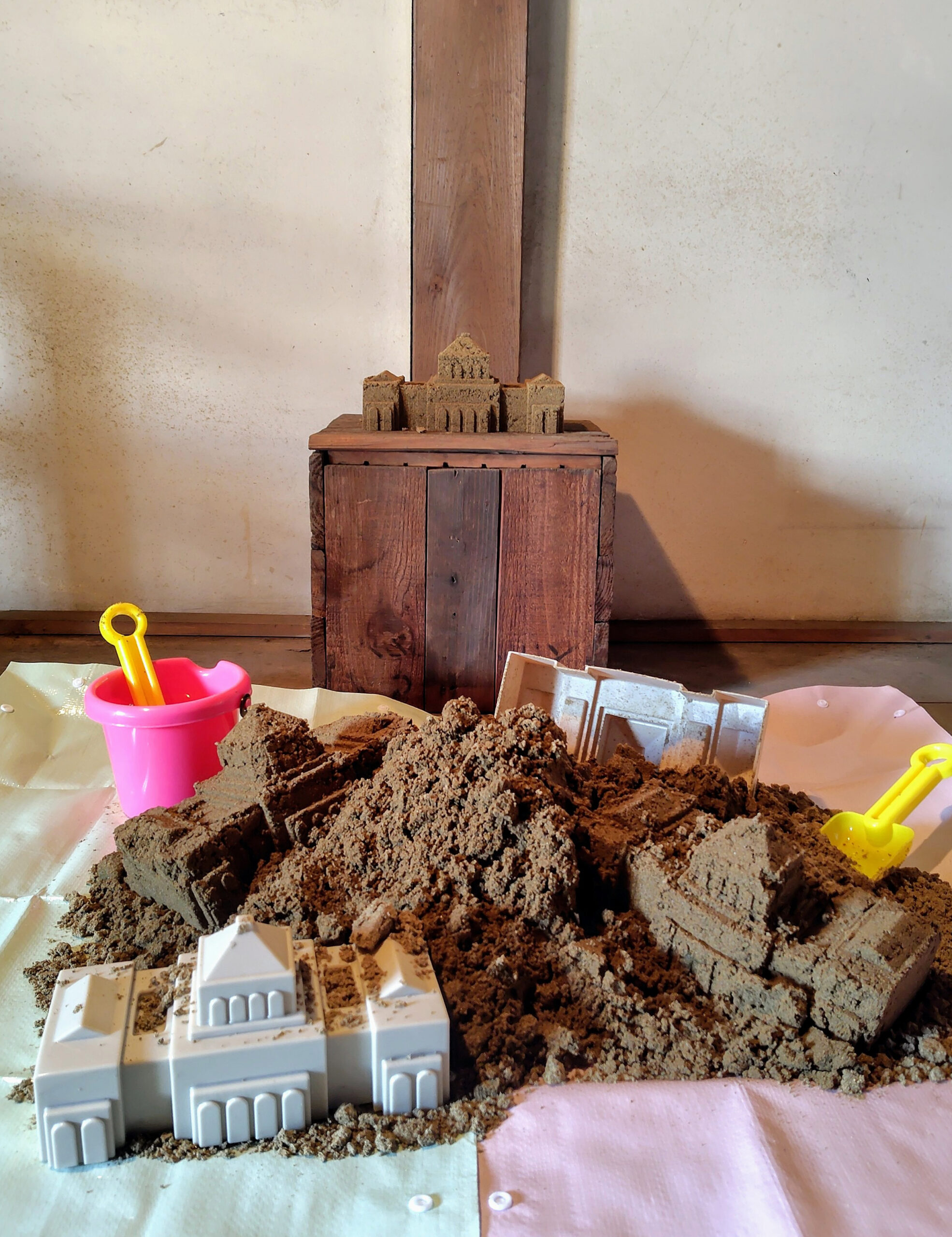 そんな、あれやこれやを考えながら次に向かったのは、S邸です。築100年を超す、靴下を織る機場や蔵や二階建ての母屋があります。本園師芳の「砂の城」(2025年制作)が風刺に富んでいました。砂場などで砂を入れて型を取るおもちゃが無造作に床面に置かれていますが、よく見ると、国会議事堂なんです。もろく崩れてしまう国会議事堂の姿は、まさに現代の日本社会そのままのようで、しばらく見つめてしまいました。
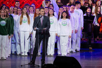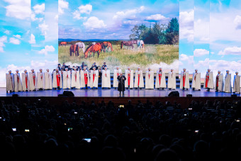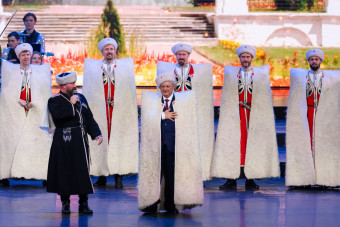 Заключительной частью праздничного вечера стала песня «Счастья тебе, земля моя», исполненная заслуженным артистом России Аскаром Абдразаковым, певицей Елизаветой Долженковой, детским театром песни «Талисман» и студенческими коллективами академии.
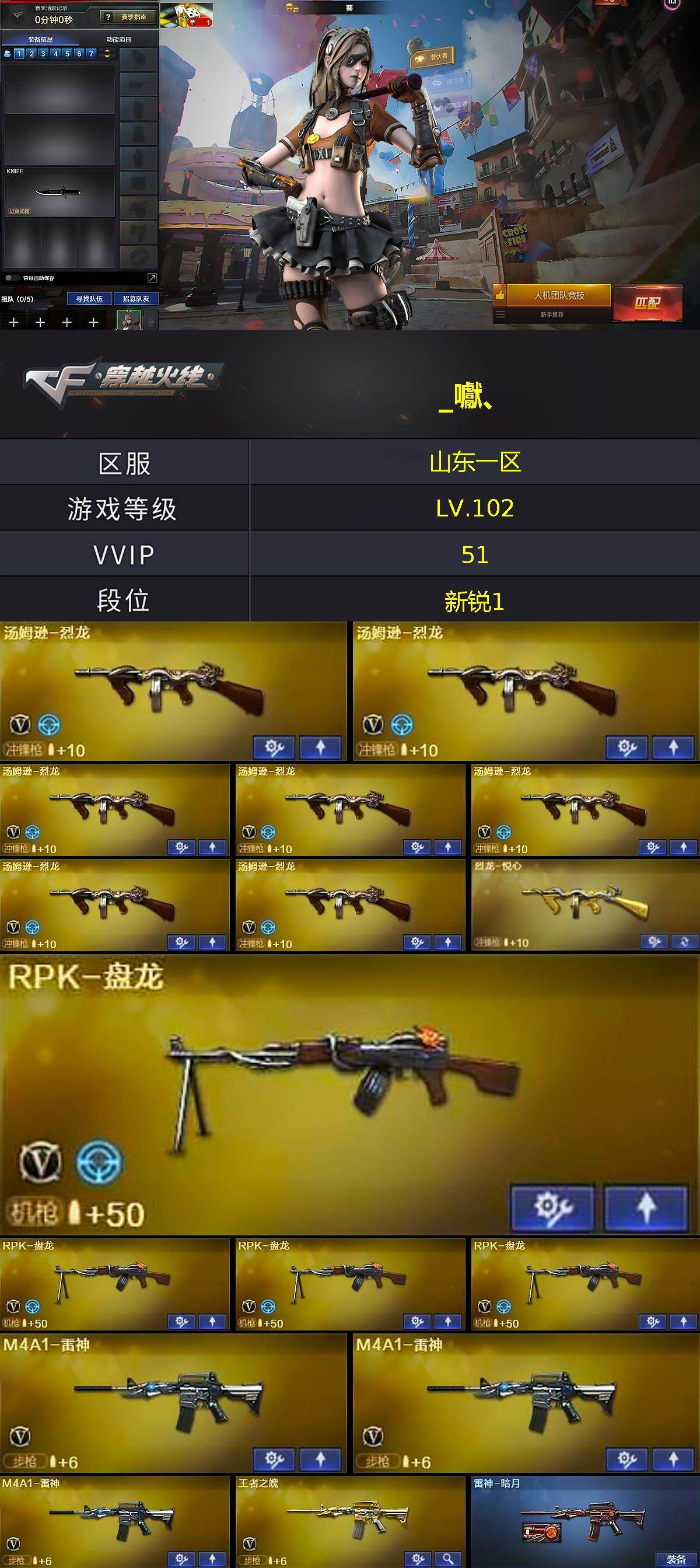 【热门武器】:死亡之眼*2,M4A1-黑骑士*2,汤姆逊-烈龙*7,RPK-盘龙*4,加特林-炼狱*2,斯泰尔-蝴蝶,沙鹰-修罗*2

——

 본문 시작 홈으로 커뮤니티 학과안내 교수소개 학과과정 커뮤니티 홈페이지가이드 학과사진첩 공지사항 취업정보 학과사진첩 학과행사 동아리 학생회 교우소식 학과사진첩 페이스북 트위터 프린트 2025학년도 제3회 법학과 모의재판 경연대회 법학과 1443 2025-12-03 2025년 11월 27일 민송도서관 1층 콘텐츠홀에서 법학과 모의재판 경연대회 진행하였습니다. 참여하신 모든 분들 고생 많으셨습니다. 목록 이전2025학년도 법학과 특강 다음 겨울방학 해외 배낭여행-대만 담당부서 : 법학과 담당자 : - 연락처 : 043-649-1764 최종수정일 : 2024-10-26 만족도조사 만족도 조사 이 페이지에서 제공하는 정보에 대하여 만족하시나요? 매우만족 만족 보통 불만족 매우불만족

——

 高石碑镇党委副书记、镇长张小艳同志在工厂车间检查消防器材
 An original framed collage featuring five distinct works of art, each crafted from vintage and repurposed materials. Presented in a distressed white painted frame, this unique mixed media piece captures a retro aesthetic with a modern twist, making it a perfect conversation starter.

——

### EXERCISE OBJECTIVE
Would you print exactly, and only, the lines of the data above from the line with "高石碑镇党委副书记、镇长张小艳同志在工厂车间检查消防器材" through the line with "An original framed", inclusive?

### EXERCISE OUTPUT
 高石碑镇党委副书记、镇长张小艳同志在工厂车间检查消防器材
 An original framed collage featuring five distinct works of art, each crafted from vintage and repurposed materials. Presented in a distressed white painted frame, this unique mixed media piece captures a retro aesthetic with a modern twist, making it a perfect conversation starter.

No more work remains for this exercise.